═════ EXERCISE DATA ═════

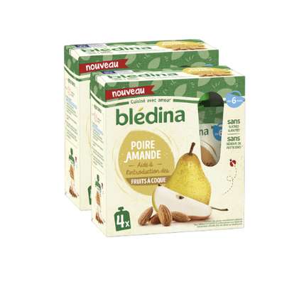 Chez Blédina, nous nous engageons en innovant pour proposer des recettes uniques pour la diversification alimentaire des bébés. blédina vous accompagne avec ses nouvelles recettes uniques pour introduire les fruits à coque dans l'alimentation de bébé ! Découvrez notre nouvelle recette gourmande associant la poire et l'amande.
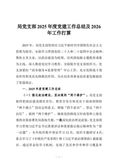 【七哥公文】2025年:局党支部2025年度党建工作总结及2026年工作打算+更多免费公文+VX:QiGeGongWen2024
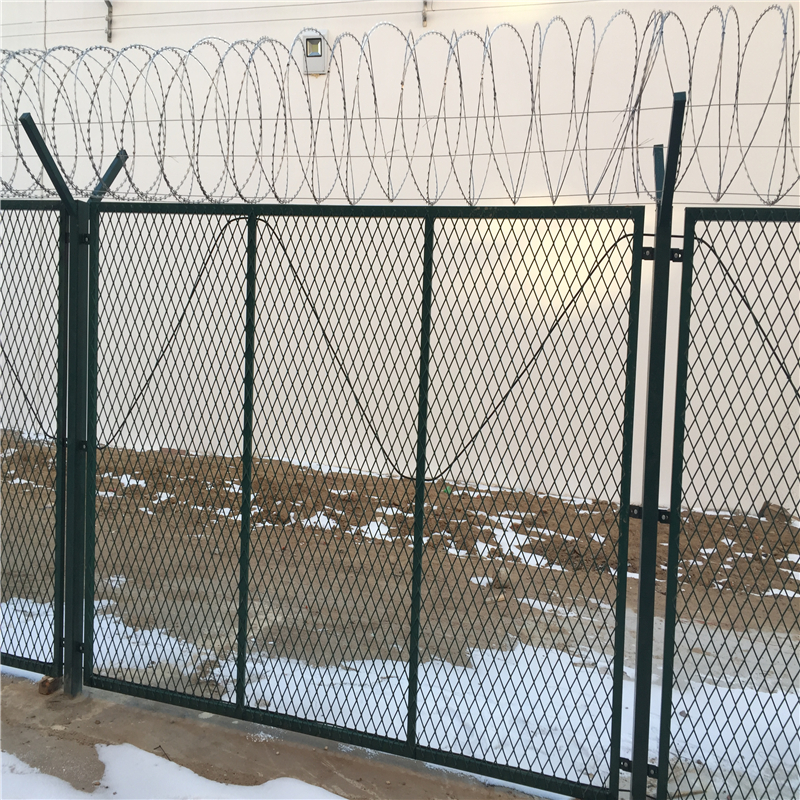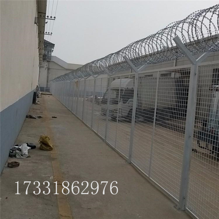 监狱护栏网又称作“Y型安全防御护网”,是由V型支架立柱,加强型焊接片网,安全防盗连接件和热镀锌刀片刺笼组成强度和安全防御性级别很高。近年来,被广泛应用在监狱,军事基地等高安全场所。注:如果在监狱护栏网顶部加装刀片刺丝、刀片刺绳后又很好的增强了安全防护性能。采用电镀、热镀、喷塑、浸塑等防腐形式,具有很好的抗老化、抗晒、耐候等特点。其产品造型美观、花色多样,既起到围栏作用,又起到美化作用。由于具有安全性高、防攀爬能力好,网片连接方式采用特制SBS紧扣件,有效防止人为的破坏性拆卸,横向四道折弯加强筋,使网面强度显著增加。
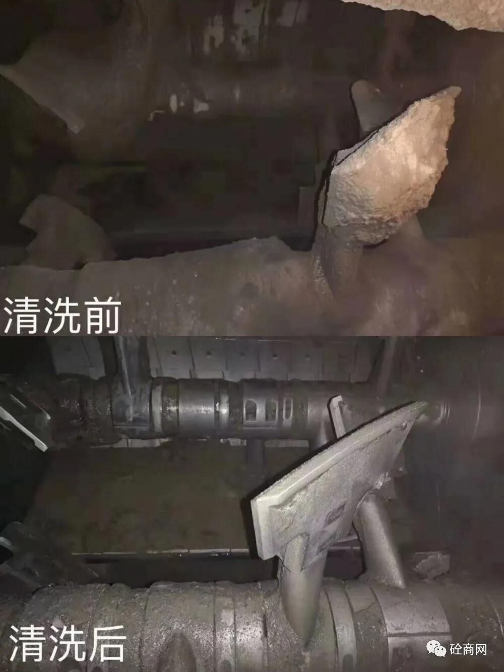 攪拌主機因為每天要反反復復不停的生產(chǎn),就會在大軸及葉片或周邊堆積大量的混凝土結塊,時間長了,就會出現(xiàn)抱軸現(xiàn)象,而抱軸現(xiàn)象一出現(xiàn),就由輔助工進主機進行清理,由于用風鎬這類電動工具清理,在大軸或葉片上就會留下很多的坑坑洼洼,導致抱軸現(xiàn)象會越來越頻繁,越來越嚴重!
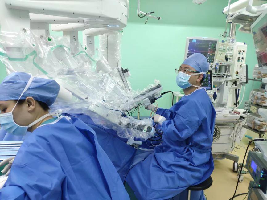 近日,徐啊白综合评估后,认为手术机会已经成熟,带领团队为小恩进行了机器人辅助腹腔镜下膀胱根治性切除术+去带乙状结肠新膀胱术。手术顺利进行,徐啊白团队在机器人腹腔镜下成功完整切除了肿瘤,并利用患者自身的乙状结肠构建了新膀胱,让小恩避免了终身携带尿袋之苦。
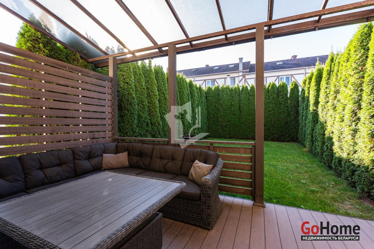 - к террасе прилегает ухоженный участок 2,17 сотки, на котором по периметру растут туи с автополивом. Туи образуют естественный барьер, который обеспечивает уединение и снижают уровень шума
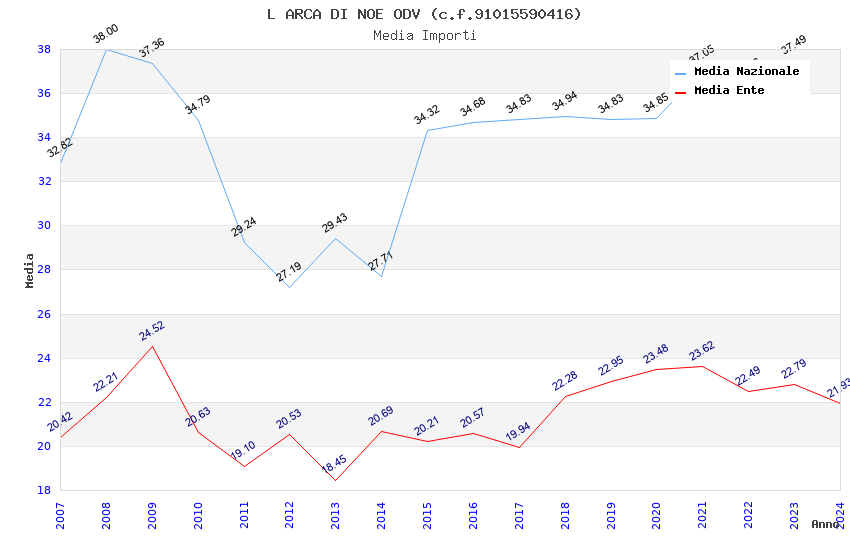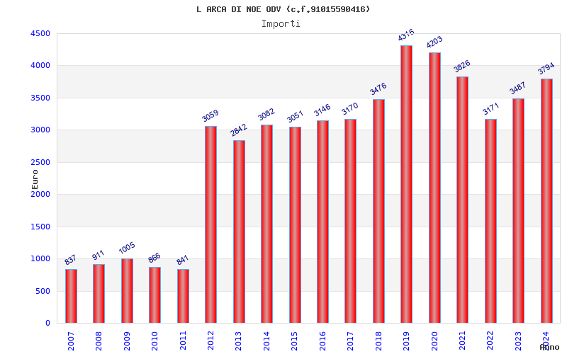 | Anno | Firme | Importi | Media | Naz. | Reg. | Prov. | Comu. |
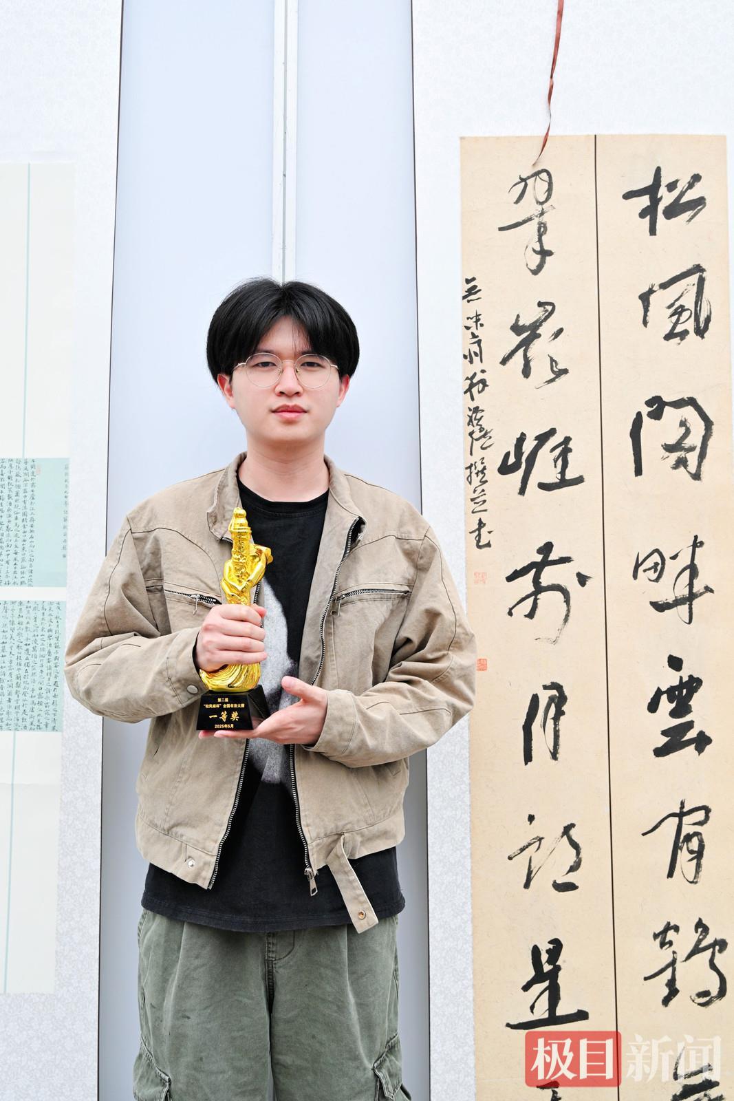 今年22岁的翁骥煜是北京语言大学大四学生,他凭借一副对联获得一等奖。他感言,这场汇聚全国书法精英的专业赛事,自己的作品能在强手如林的角逐中脱颖而出,感到十分荣幸。
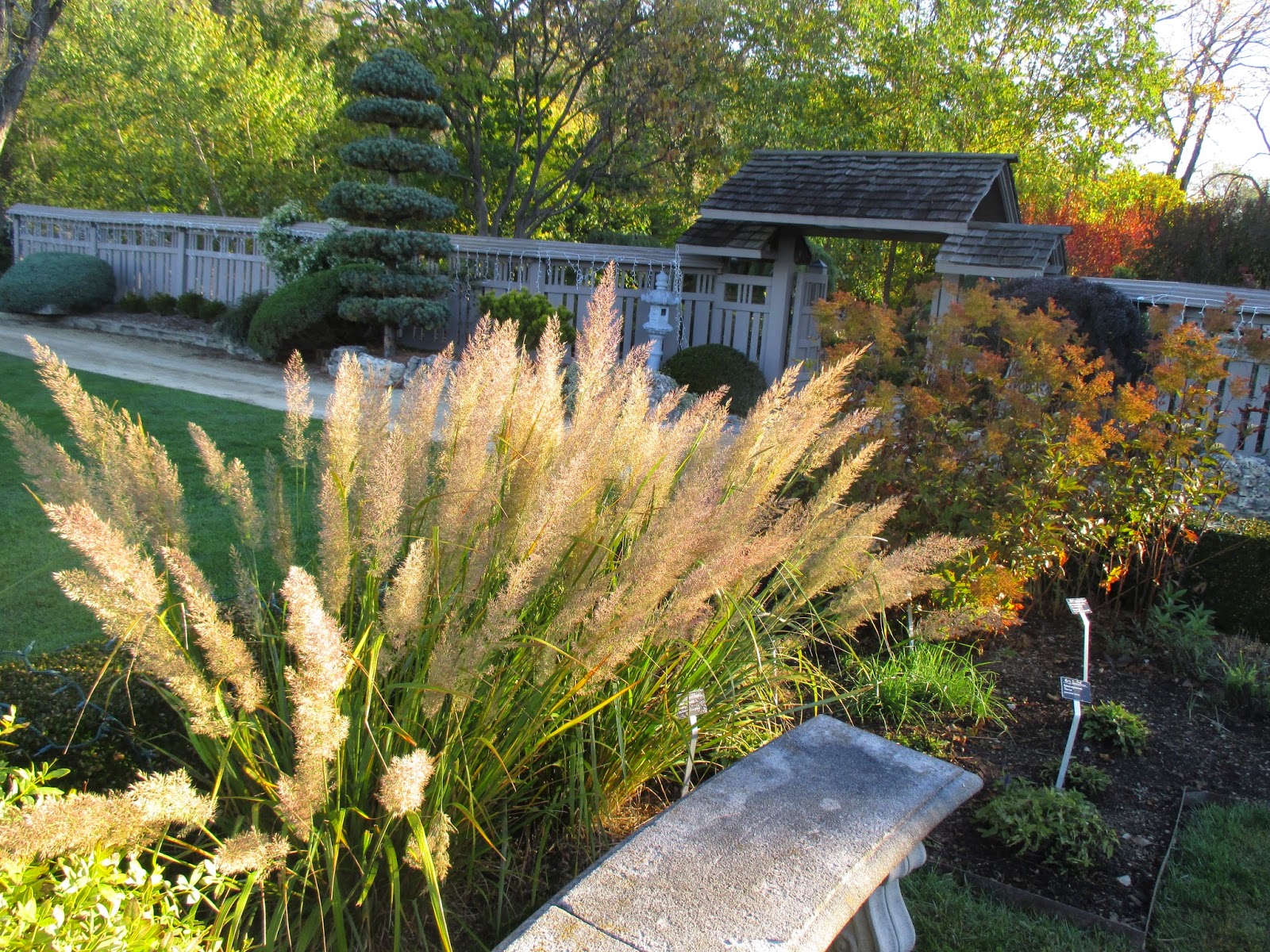 It was another gorgeous day although a bit chilly early this morning. The sun came out and we enjoyed a great day out in the gardens. The photo above is from the Japanese garden with a pruned Amur maple (Acer ginnala) offering the fall color. Progress continues daily in regards to the Holiday Lights Show (HLS) preparations and set-up although plenty of gardening tasks were accomplished as well. It was a solid day of work both inside and outside with an industrious and ambitious crew of volunteers helping with many tasks. Further below are some additional images from the gardens taken yesterday and today.

═════

INSTRUCTIONS TO FOLLOW: The answer must be the whole listing, word for word, with no pictures in it. Please write it out.

SOLUTION:
 Chez Blédina, nous nous engageons en innovant pour proposer des recettes uniques pour la diversification alimentaire des bébés. blédina vous accompagne avec ses nouvelles recettes uniques pour introduire les fruits à coque dans l'alimentation de bébé ! Découvrez notre nouvelle recette gourmande associant la poire et l'amande.
 【七哥公文】2025年:局党支部2025年度党建工作总结及2026年工作打算+更多免费公文+VX:QiGeGongWen2024
 监狱护栏网又称作“Y型安全防御护网”,是由V型支架立柱,加强型焊接片网,安全防盗连接件和热镀锌刀片刺笼组成强度和安全防御性级别很高。近年来,被广泛应用在监狱,军事基地等高安全场所。注:如果在监狱护栏网顶部加装刀片刺丝、刀片刺绳后又很好的增强了安全防护性能。采用电镀、热镀、喷塑、浸塑等防腐形式,具有很好的抗老化、抗晒、耐候等特点。其产品造型美观、花色多样,既起到围栏作用,又起到美化作用。由于具有安全性高、防攀爬能力好,网片连接方式采用特制SBS紧扣件,有效防止人为的破坏性拆卸,横向四道折弯加强筋,使网面强度显著增加。
 攪拌主機因為每天要反反復復不停的生產(chǎn),就會在大軸及葉片或周邊堆積大量的混凝土結塊,時間長了,就會出現(xiàn)抱軸現(xiàn)象,而抱軸現(xiàn)象一出現(xiàn),就由輔助工進主機進行清理,由于用風鎬這類電動工具清理,在大軸或葉片上就會留下很多的坑坑洼洼,導致抱軸現(xiàn)象會越來越頻繁,越來越嚴重!
 近日,徐啊白综合评估后,认为手术机会已经成熟,带领团队为小恩进行了机器人辅助腹腔镜下膀胱根治性切除术+去带乙状结肠新膀胱术。手术顺利进行,徐啊白团队在机器人腹腔镜下成功完整切除了肿瘤,并利用患者自身的乙状结肠构建了新膀胱,让小恩避免了终身携带尿袋之苦。
 - к террасе прилегает ухоженный участок 2,17 сотки, на котором по периметру растут туи с автополивом. Туи образуют естественный барьер, который обеспечивает уединение и снижают уровень шума
 | Anno | Firme | Importi | Media | Naz. | Reg. | Prov. | Comu. |
 今年22岁的翁骥煜是北京语言大学大四学生,他凭借一副对联获得一等奖。他感言,这场汇聚全国书法精英的专业赛事,自己的作品能在强手如林的角逐中脱颖而出,感到十分荣幸。
 It was another gorgeous day although a bit chilly early this morning. The sun came out and we enjoyed a great day out in the gardens. The photo above is from the Japanese garden with a pruned Amur maple (Acer ginnala) offering the fall color. Progress continues daily in regards to the Holiday Lights Show (HLS) preparations and set-up although plenty of gardening tasks were accomplished as well. It was a solid day of work both inside and outside with an industrious and ambitious crew of volunteers helping with many tasks. Further below are some additional images from the gardens taken yesterday and today.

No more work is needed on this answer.